Math 124 Problem Set 6

1. -389 is negative, and thus not the sum of two squares. Since $ 3\vert\vert 12345$, it is not the sum of two squares. Since $ 7\vert\vert 91210$, it is not the sum of two squares. $ 729=27^2$ is a perfect square.

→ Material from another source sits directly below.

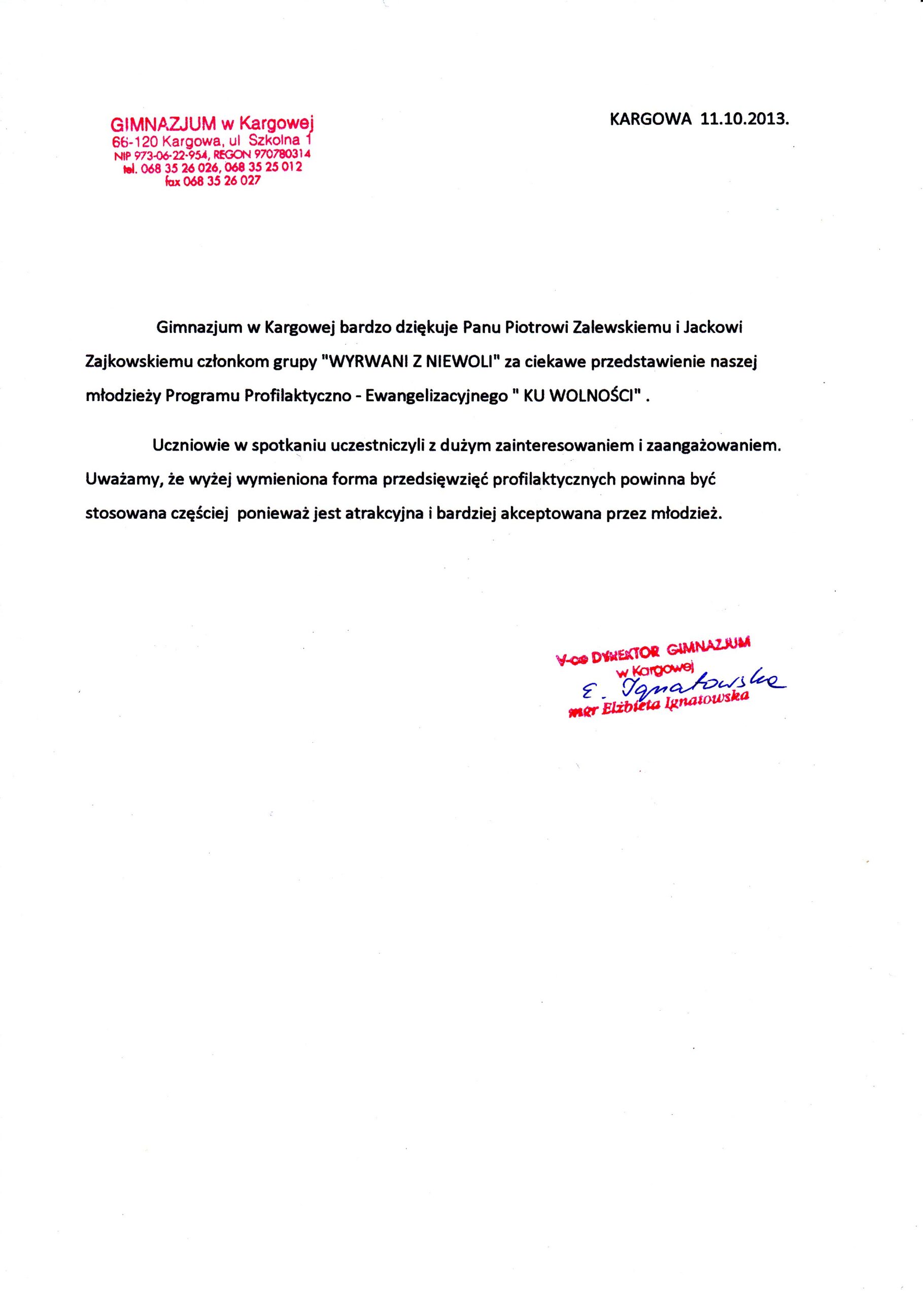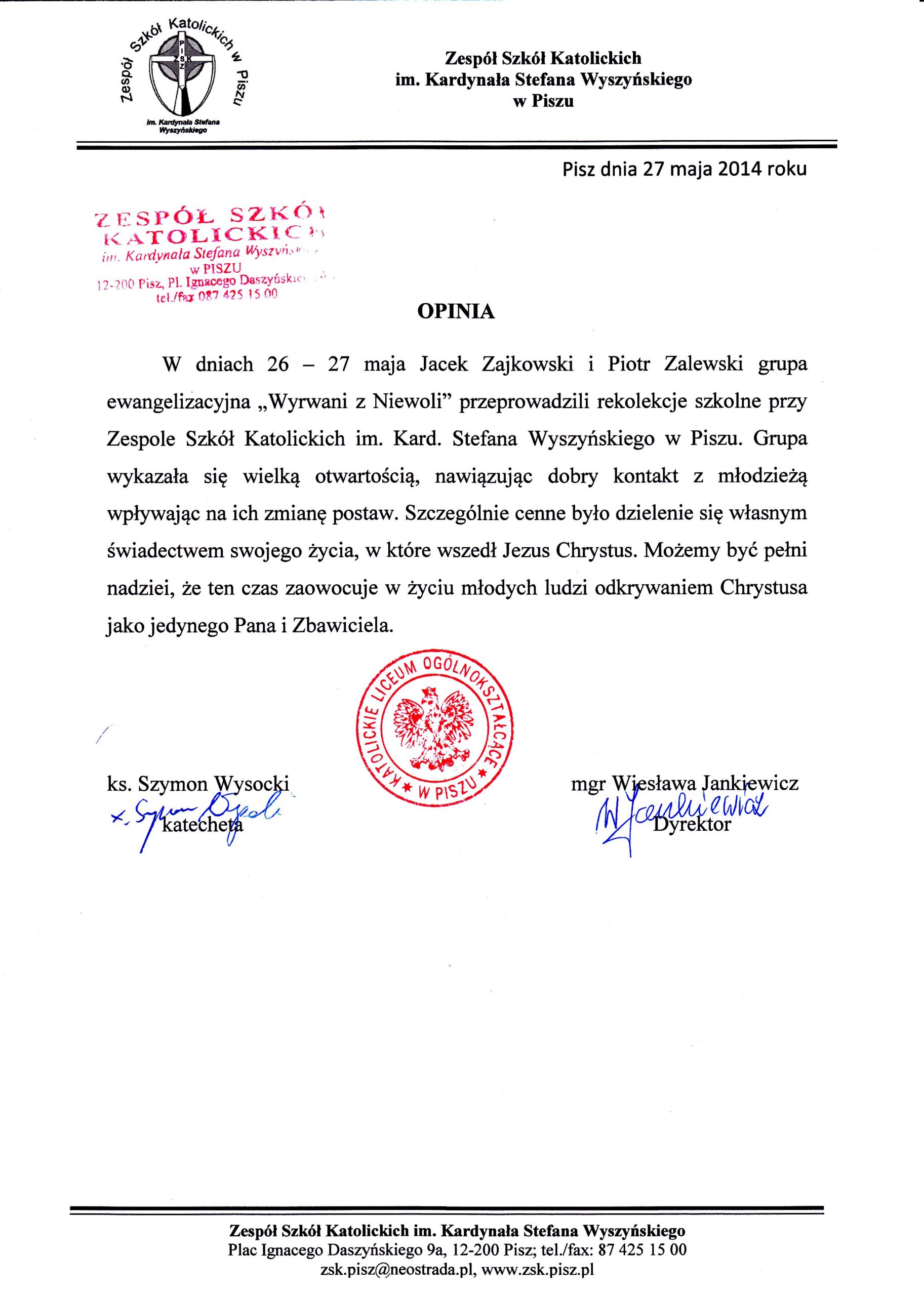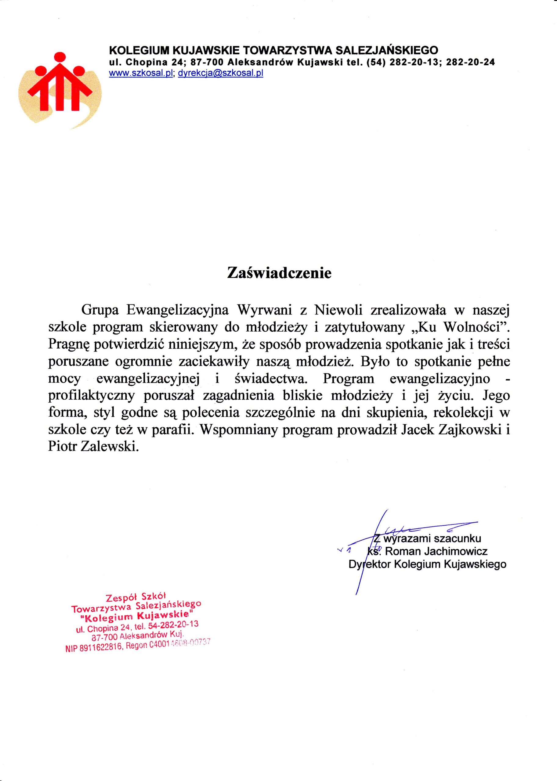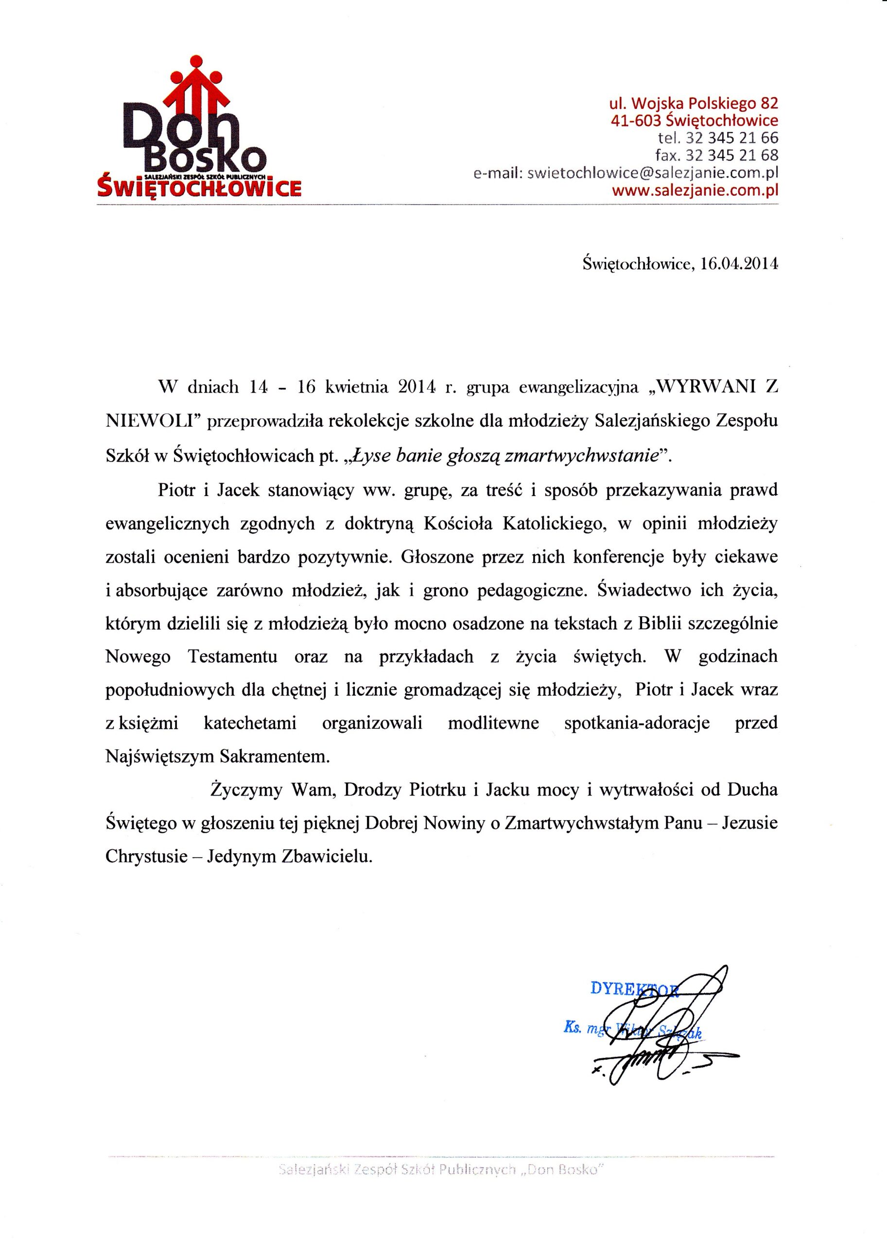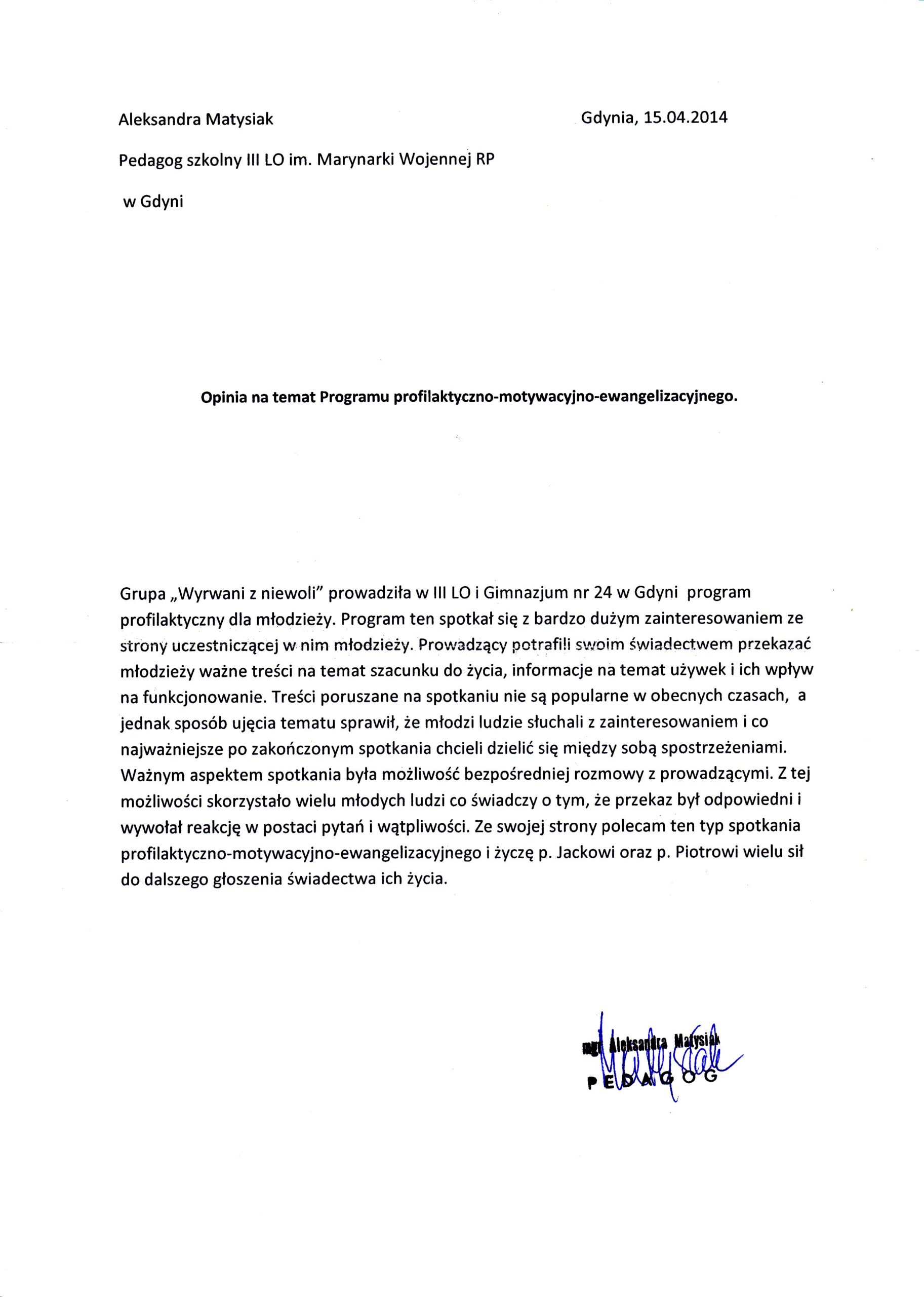 „Program zrealizowany przez Fundację Wyrwani z Niewoli to przełom w naszym podejściu do młodzieży. Profesjonalizm, świetny kontakt z uczniami i głęboki przekaz merytoryczny sprawiają, że to inwestycja w bezpieczną szkołę.”

Since $ 7\vert\vert 1729$, it is not the sum of two squares. Finally, $ 151\vert\vert 68252$ and $ 151\equiv 3(mod\ 4)$, so it is not the sum of two squares.
2i. On input $ n$, the program breaks up $ n$ into two parts and looks for a sum of two squares representation.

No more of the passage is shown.